- Abbasabad Location within Iran
- Coordinates: 33°28′20″N 48°02′37″E﻿ / ﻿33.47222°N 48.04361°E
- Country: Iran
- Province: Lorestan
- County: Chegeni
- District: Veysian
- Rural District: Veysian

Population (2016)
- • Total: 89
- Time zone: UTC+3:30 (IRST)

= Abbasabad, Chegeni =

Village in Lorestan province, Iran

Abbasabad (عباس آباد) (Note: Also romanized as ‘Abbāsābād; formerly known as Abbas-e Kalpat (عباس كلپت), also romanized as‘Abbās-e Kalpat; also known as ‘Abbās-e Galpat) is a village in Veysian Rural District of Veysian District in Chegeni County, (Note: Formerly Dowreh County) Lorestan province, Iran.

==Demographics==
===Population===
At the time of the 2006 National Census, the village's population, as Abbas-e Kalpat, was 98 in 20 households, when it was in Khorramabad County.
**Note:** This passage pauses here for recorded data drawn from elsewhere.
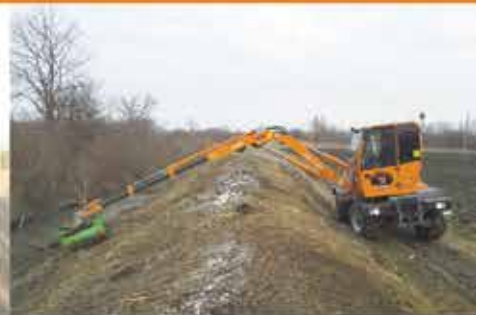
Forstmulchen bis 12m Reichweite

Böschungsmähen · Freischneiden · Forstmulchen · Schilfschneiden
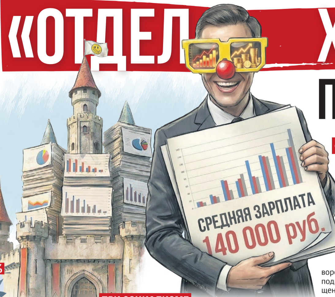
Иллюстрация: Алексей Беленев
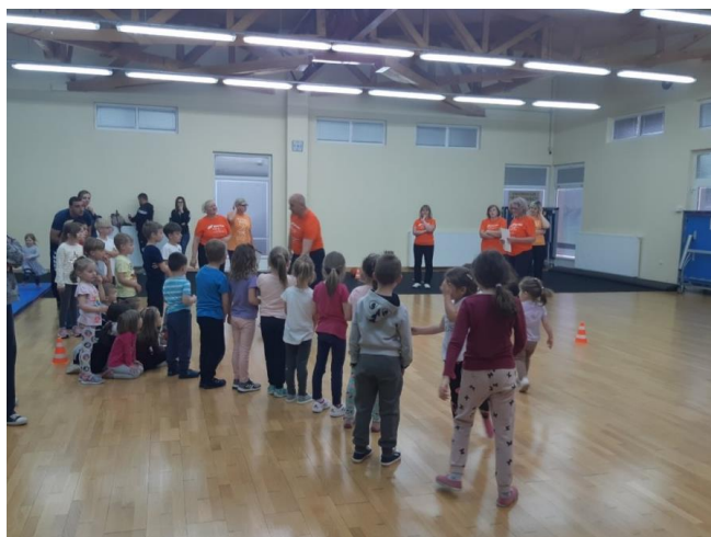
Slika 20. Vrtićanci na „Move week-u“
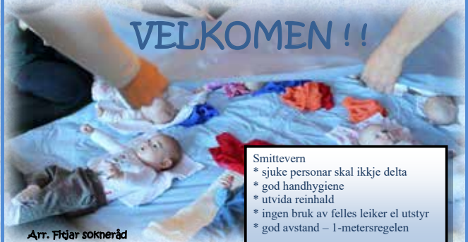
Arr. Fitjar sokneråd

Følg oss gjerne på facebook: Fitjar babysong og småbarnstreff
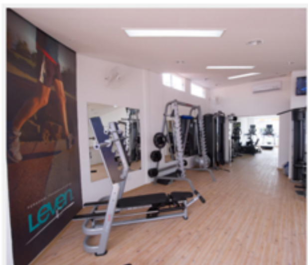
Academia Leven

Serviço: www.academialeven.com.br Leven Moema: Av. Moema, 787, Moema Leven Paraisópolis: Rua Tuboia, 777, Paraisópolis.
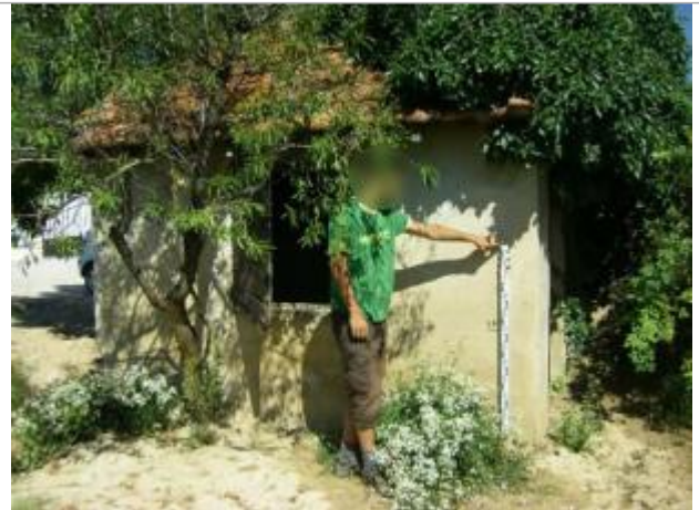
Vue du site - Auteur : EGIS
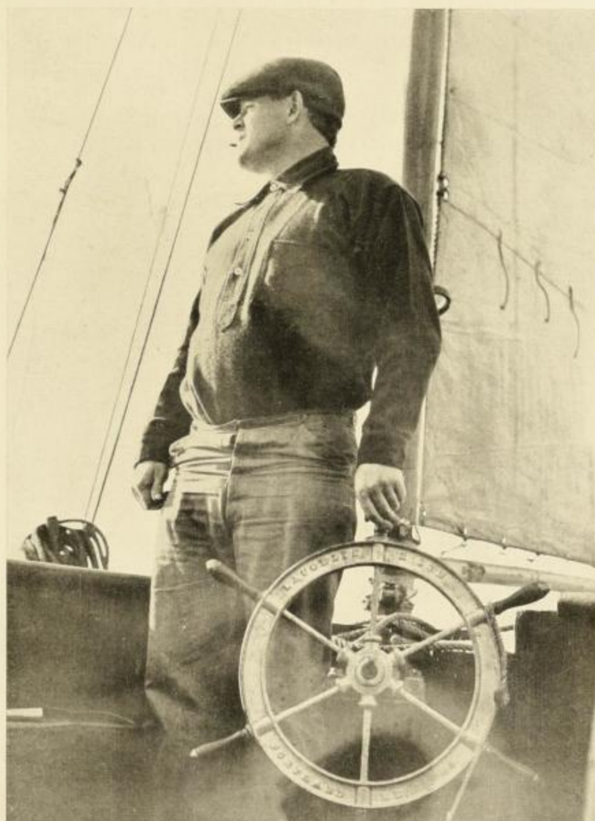
Jack London am Steuer seiner Segelyacht

Broschiert M. 5.50 / In Leinen M. 5.50 / In Halbleder M. 7.50
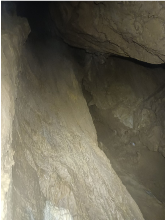
Photo5 : d'autres suites ?
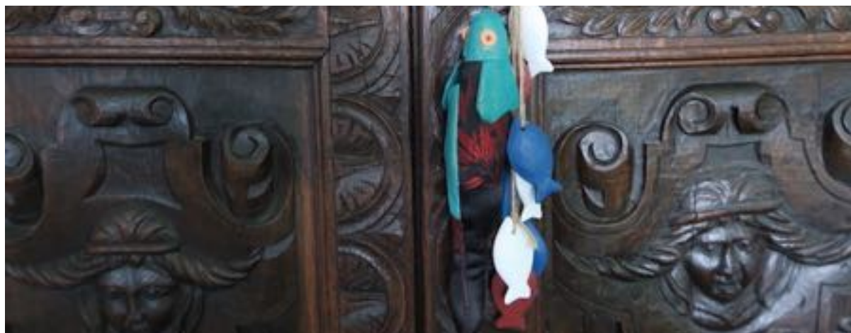
Armoire XVIII d'un marin Breton

Les tissus d'Equateur fabriqués de manière artisanale, sont principalement réalisés dans la région d'Otavalo, au Nord de l'Equateur. Des tissus de qualité aux couleurs très vives
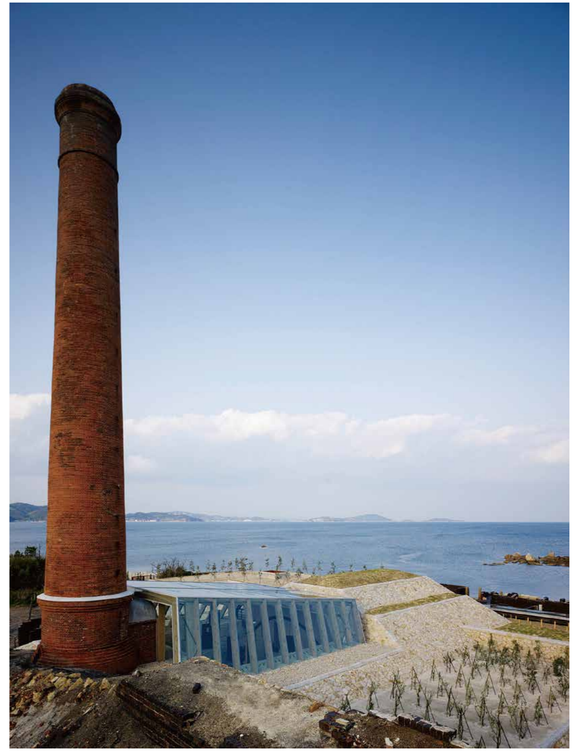
犬島精錬所美術館

犬島は、瀬戸内海に浮かぶ周囲約4キロの岡山市唯一の有人島。良質な石を産出し、古くは岡山城、大阪城の石垣などに使われました。1909年、犬島製錬所が開設された後は、最盛期に5,000人から6,000人あまりの人が生活していましたが、銅の価格が大暴落し、わずか10年で操業を終えました。現在の人口は約50人となっていますが、近代化産業遺産である製錬所跡を美術館として再生・保存し、現在ではアートの島として脚光を浴びています。
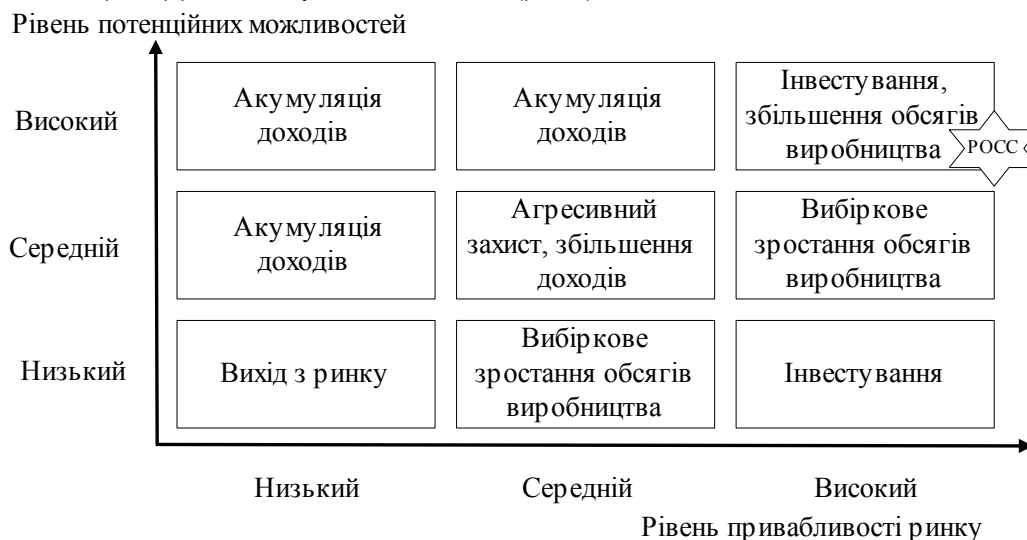
Рис. 3. Матриця визначення стратегічних позицій розвитку економічного потенціалу підприємства "Діловий екран"

Для реалізації стратегії ВАТ "РОСС" та визначення напрямків його діяльності було проаналізовано стан та перспективи розвитку конкурентних переваг за допомогою матриці визначення стратегічних позицій підприємства "Діловий екран" фірм McKinsey та General Electric (рис. 3).
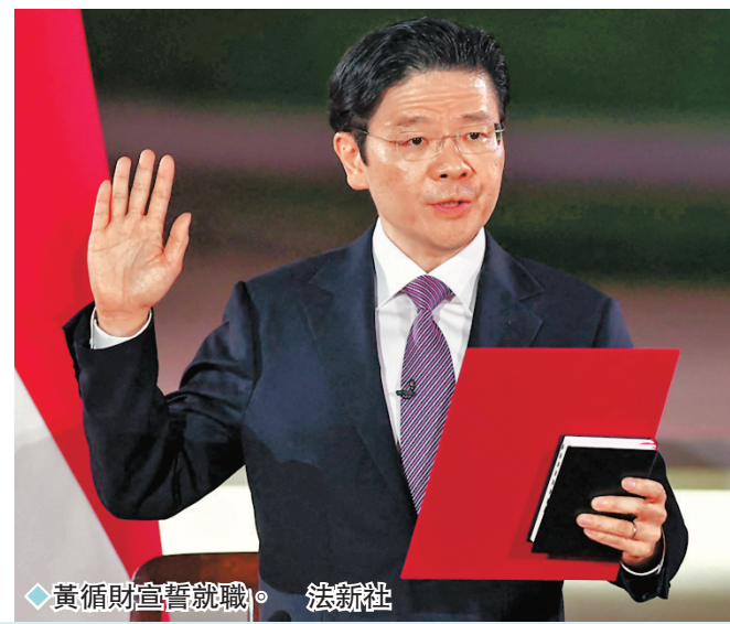
◆黃循財宣誓就職。

李強致電祝賀黃循財就任新加坡總理。李強表示，中國和新加坡是友好鄰邦和重要合作夥伴。建交30多年來，兩國政治互信不斷深化，各領域合作成果豐碩，不僅為各自發展提供助力，也為地區國家合作樹立了標杆。去年，兩國確立了全方位高質量的前瞻性夥伴關係，為新時期中新關係明確了戰略方向。中方高度重視中新關係發展，我願同黃循財總理保持密切溝通配合，推進雙方高質量合作，鞏固中新傳統友好，為兩國人民帶來更多福祉，為地區和平穩定與繁榮作出更大貢獻。
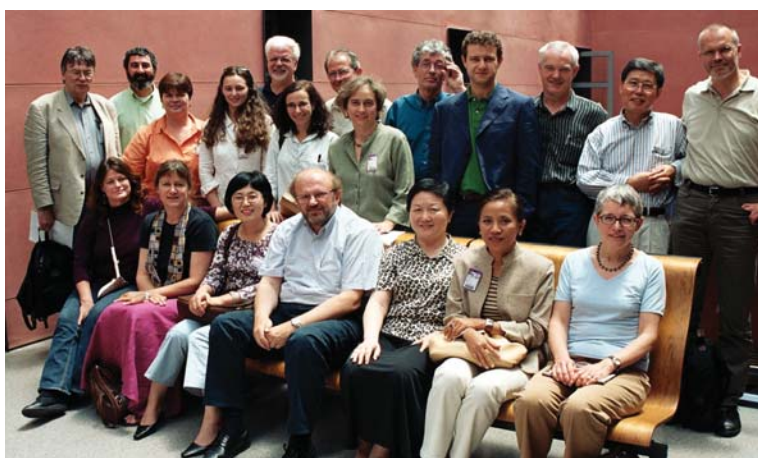
COMITÈ CIENTÍFIC DE LA XARXA PCST

Finalment, en el seminari "Periodisme Científic en un Món Divers" es va reflexionar sobre el paper del periodisme científic. Va tenir lloc els dies 7 i 8 de juny a l'auditori de l'edifici Rambla de la UPF. John Noble Wilford, creador del suplement Science Times del diari The New York Times i guanyador en dues ocasions del premi Pulitzer, va pronunciar-ne la conferència inaugural. El seminari estava organitzat per la Fundació Espanyola de Ciència i Tecnologia i l'Observatori de la Comunicació Científica, amb la col·laboració de l'Associació Catalana de Comunicació Científica i l'Associació Espanyola de Periodisme Científic.
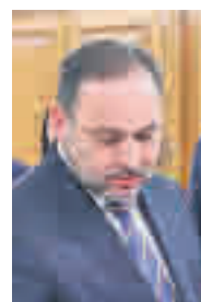
José Luis Ábalos MINISTRO DE TRANSPORTES, MOVILIDAD Y AGENDA URBANA
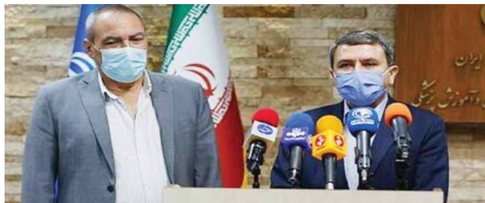
Rueda de prensa de los representantes del instituto cubano Finlay y el Instituto Pasteur de Irán

"El Instituto Finlay tiene mucha experiencia en la producción de vacunas conjugadas para niños, por lo que decidimos utilizar esta plataforma para construir una vacuna contra la Covid-19", ha precisado.
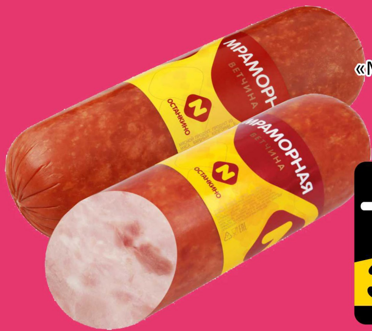
ВЕТЧИНА «Мраморная» Останкино 1кг
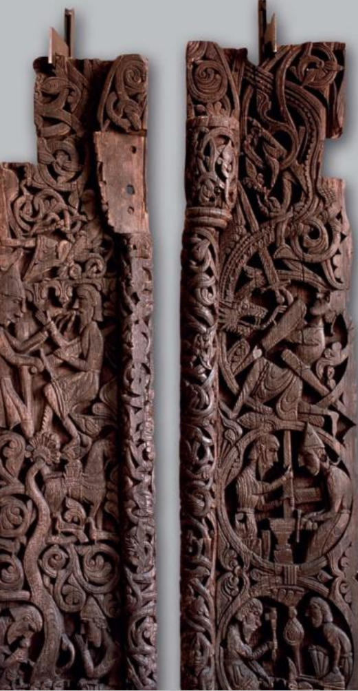
힐레스타드(Hyllestad)의 스타브(Stave) 교회 출입문, Sigurd Favnesbane

중세 시대를 테마로 하는 이 중요한 전시회는 노르웨이 역사상 가장 방대한 스타브(Stave) 교회 출입문 컬렉션과 노르웨이 교회들의 예술 작품들을 전시합니다. 또한, 일상 생활과 기념식에 사용되었던 물건들도 보실 수 있습니다.
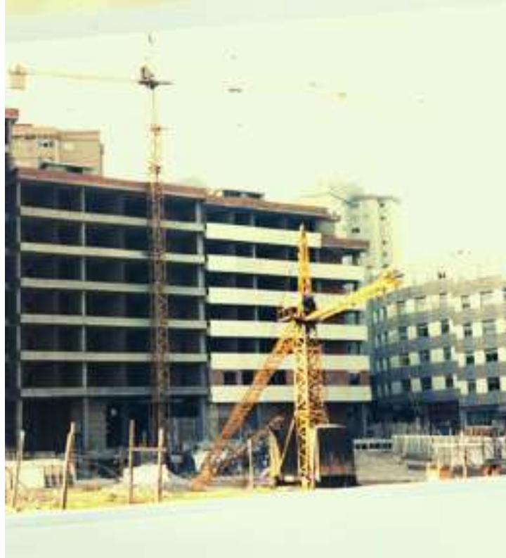
CONSTRUCCION NA PLAZA DE SAN ROSENDO ANOS 80

Naquela época o barrio contaba con carnizaría, barbaría, un bar que logo se converteu en local de alterne, supermercado, posto de verduras e de froita. Abrían os domingos nesa época. É dicir, había un comercio de proximidade que cubría as necesidades do barrio
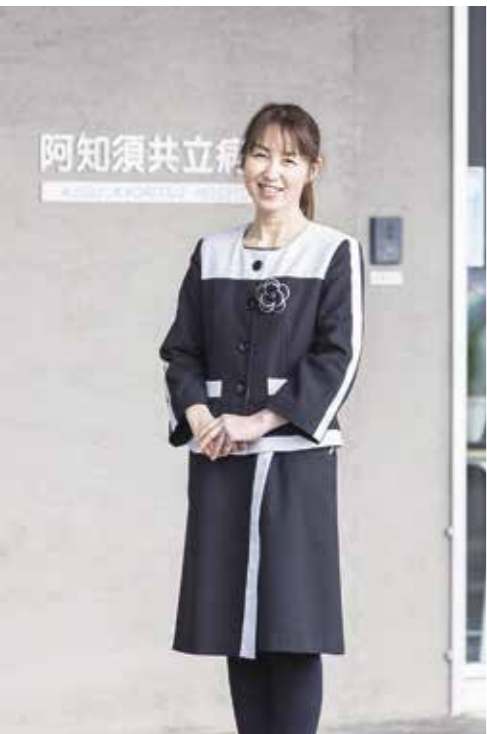
医療法人協愛会 阿知須共立病院
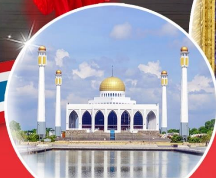
มัสยิดกลาง สงขลา
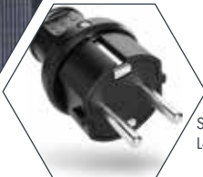
Schuko Ladekabel Ladezeit ca: 3 Std.
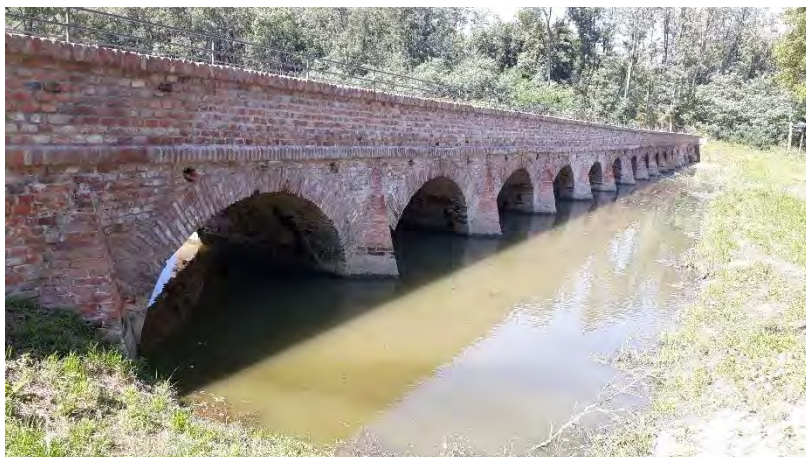
Most ze sedmnáctého století

Já jsem se do množiny „málokdo“ prostě nevešla: nebyla jsem ani pohraničnick, ani osoba prověřená. Moje rodná vesnice se totiž jmenuje Sedlec u Mikulova a nachází se jen pár set metrů od hranic s Rakouskem.
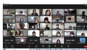
企業同士の情報交換オンライン会議の様子
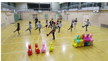
ダンス&ストレッチ
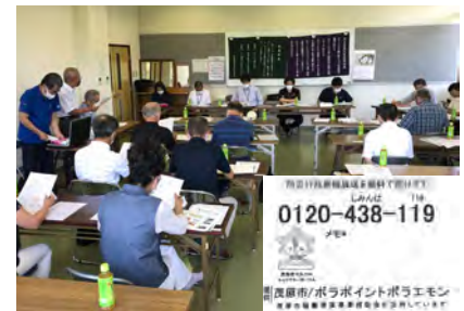
▲防災情報は冷蔵庫から！(協働提案事業)
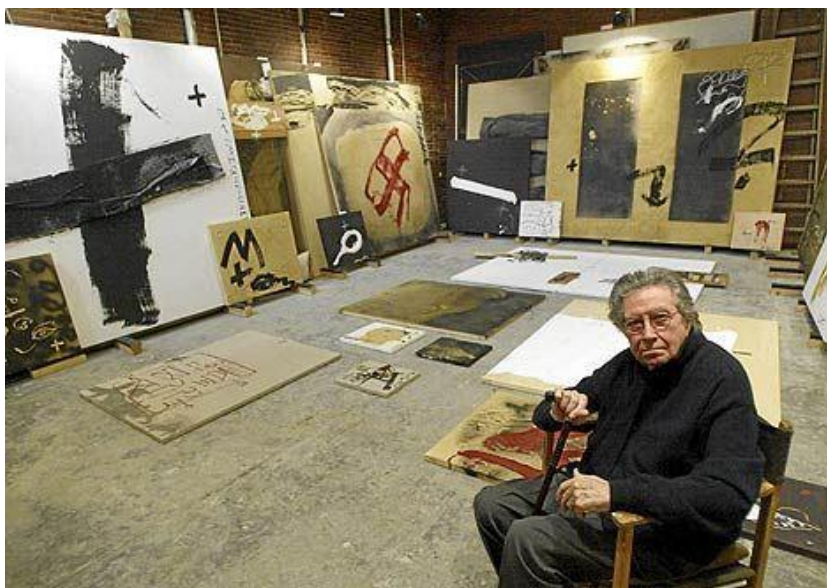
Tapes u studiju, veljača 2012.

Antoni Tapes bio je katalonski slikar, kipar i teoretičar umjetnosti koji je postao jednim od najpoznatijih umjetnika svoje generacije. U intervjuu za UNESCO Tapes je rekao kako je uvijek bio zainteresiran za materijalni aspekt slike, za materiju boje i kako ta materija može postati jezik. Također je rekao: „Uvijek sam pokušavao koristiti materijale koji nisu tradicionalni, koji su loši, koji se smatraju malo vrijednim. Koristio sam pijesak, zemlju, krpe, papir, sve vrste stvari koje sam nalazio oko sebe.” Tapes je vjerovao da korištenjem tim materijalima može stvoriti novi jezik i izraziti svoje ideje na jedinstven način.
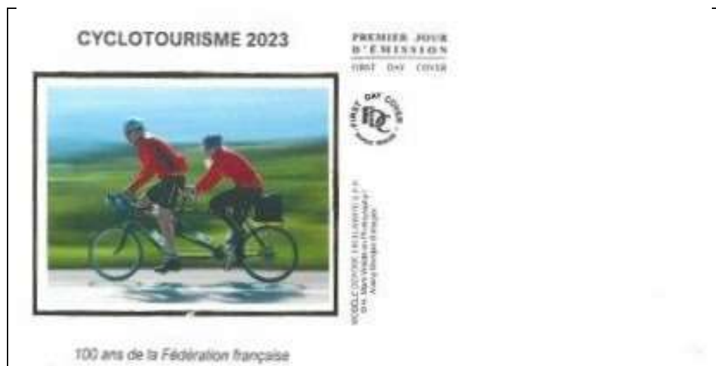
Enveloppe soie "Farcigny"
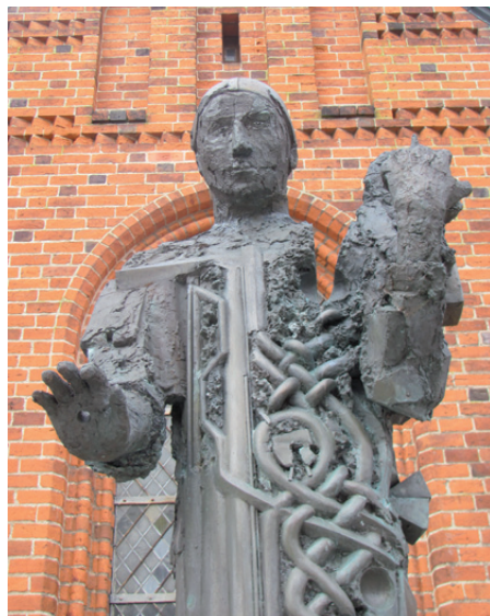
Den spaltede munk.

hans skulptur af Treenigheden afsløret ved bispegården i Nykøbing Falster.
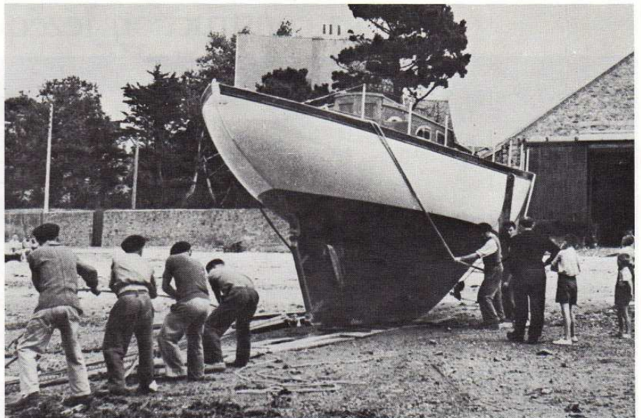
Lancement du Dieu me garde , un grand ketch de croisière sur plans Cornu (1950). Chez Jézéquel, toutes les mises à l'eau se font avec des moyens réduits à l'essentiel : un chemin de planches, quelques « roules » métalliques, des bras solides... et beaucoup de doigté.

L'un de ces bateaux deviendra célèbre sur les côtes bretonnes. Il s'agit du Jabadao , 8 m C.R. lancé en 1958 ; peut-être la plus belle réussite d'Eugène Cornu (avec des proches cousins comme
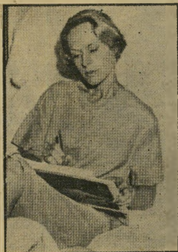
פצועה, טיפי הדרן, במיטה הפיל הכיר אותה —

אבל הצעקה היתה לא רק קולנועית, כי אם מציאותית ביותר. "היה זה הרכה יותר
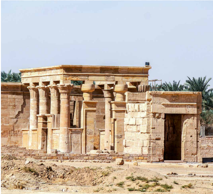
Der Hibis-Tempel in Kharga
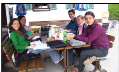
WP4 y WP5 se encuentran en Kufstein

Nuestros miembros de los grupos de investigación de WP4 y WP5, se reunieron cerca de Kufstein - Austria, del 2 al 4 junio de 2012. El objetivo principal de esta reunión fue trabajar en los instrumentos y modelos de gobernanza para cada región de los casos de estudio, y planificar los próximos pasos en la recopilación de datos. Estos temas se discutieron una semana más tarde, durante la reunión de la Junta del proyecto en São Paulo, Brasil.
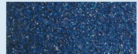
PAVIGYM BLUE TURF
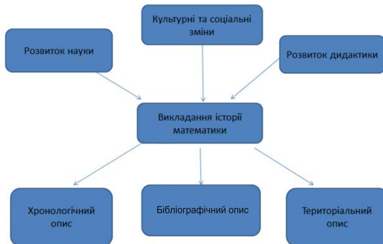
Рис. 2. Структурна схема викладання історії математики

На рисунку 2 представлено основні чинники які впливали на формування викладання історії математики та методи його викладання.
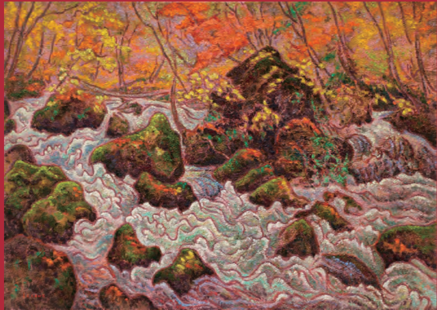
「奥入瀬 晩秋」 P 30 油彩
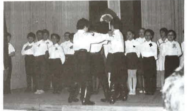
„Most szép lenni katonának...” szöveg a Kossuth nóta.

The following census in 2011 counted 77 people in 19 households, by which time the district had been separated from the county in the establishment of Dowreh County. (Note: Renamed Chegeni County) The village was listed as Abbasabad. The 2016 census measured the population of the village as 89 people in 23 households.